Often true for me as well. I like `tig`.

> What use case is better served by sticking to the cli?

Good question. Knowing the "why" of things is important. My answers:

1. Focus - Opening a browser and clicking around takes more patience. It tempts me to go update my company's internal documentation about something irrelevant to my current task.

A CLI lets you pipe things to grep which lets you focus on specific information you care about.

2. Memory - I can write aliases to help me remember my common workflows.

3. Automation - I can have a script check PRs for me. This reduces context switching and enables greater focus and productivity.

2 comments

Speed and overhead are both areas that should get a lot more focus nowadays; the Github desktop app along with a ton of other applications are Electron / webapps, each one adding a number of always-active processes, complex and expensive rendering, script execution, and a ton of memory usage, which do add up over time. I mean a lot of developers will have two or three Electron apps open right now; Slack and / or Discord, VS Code, Notion, and a bunch more in their browser of choice.
1. Can be addressed by using a GUI which is not on the internet, for example SourceTree, the git interface in IntelliJ, probably many more.
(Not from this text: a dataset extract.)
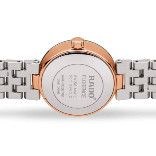 Корпус: Нержавеющая сталь с частичным PVD-покрытием розового золота. Металлик циферблат с золотистыми стрелками и часовыми индексами, декорирован 4 бриллиантами. Сапфировое стекло. Диаметр 28 мм. Водонепроницаемость 30 метров.
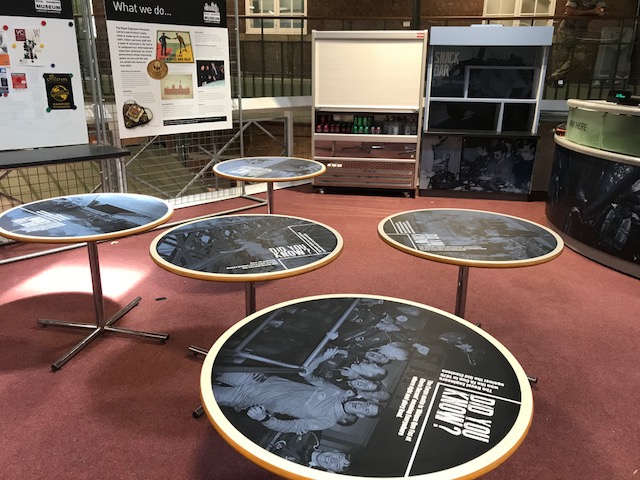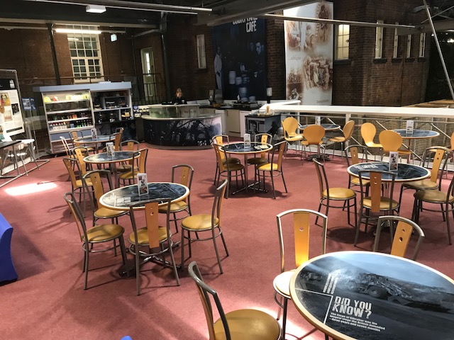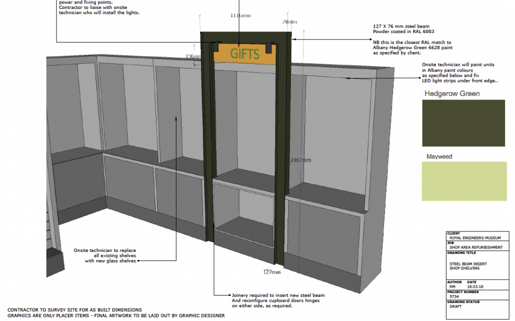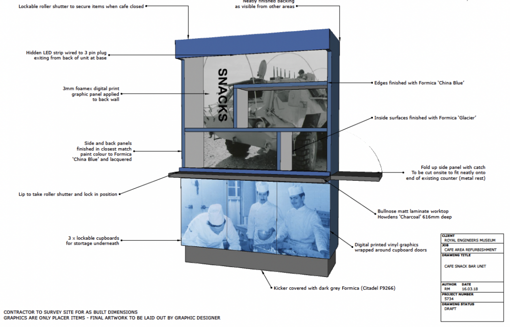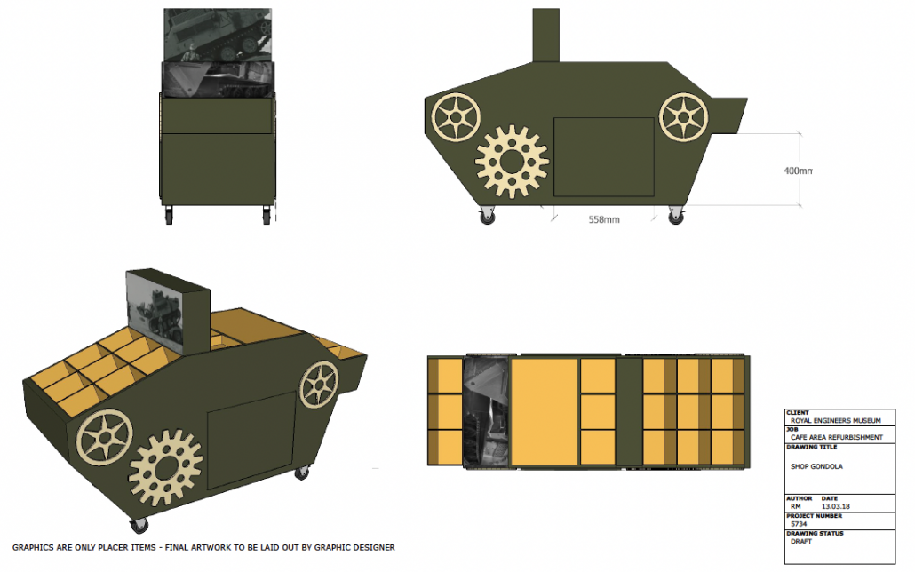 Design work for the Royal Engineers Museum in Gillingham. Refurbished shop and cafe areas, including mobile shop gondola with lockable castors, based on the military tractor in their collection.

2. Is often unimportant if the GUI tool can make common workflows one or two clicks.

3. Having the CLI tools to automate stuff is great, but is not necessarily the best way to have an interactive session with a repository.
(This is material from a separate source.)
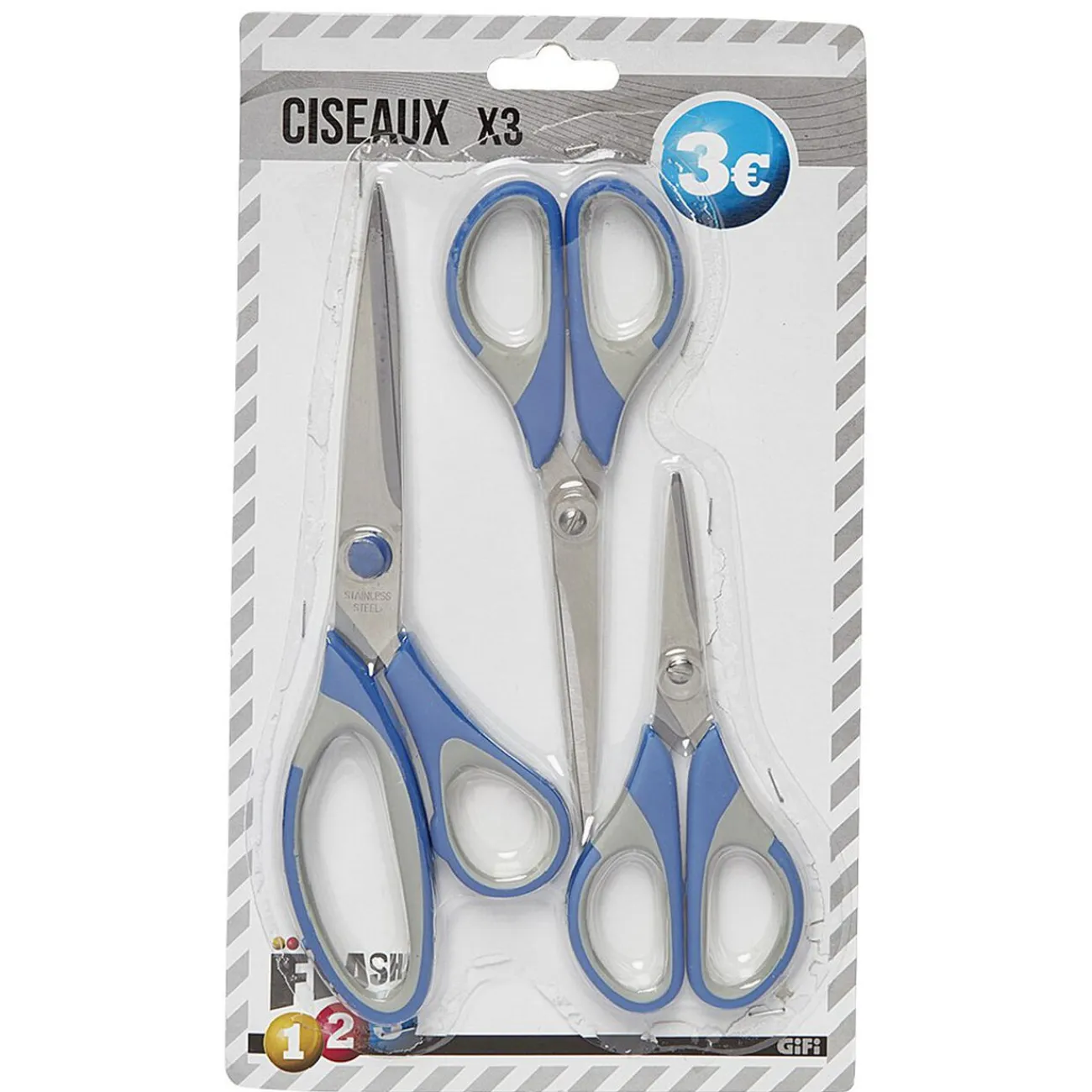 Lot de 3 ciseaux de taille différente pour cuisine, très pratique et polyvalent.

Some of the things I like about graphical interfaces for Git:

- The information density is usually (depending on the program) great - I can see local branches, remote branches, commits and tree diagram for the selected branch, all in less space than a terminal usually takes up.

- A bunch of actions are available by right-clicking on a relevant item, so I don’t have to remember commands and command-line flags etc and I can just get on with things.

- Some actions like “show me the diff between these two commits” are SO much easier that they become a viable way of working.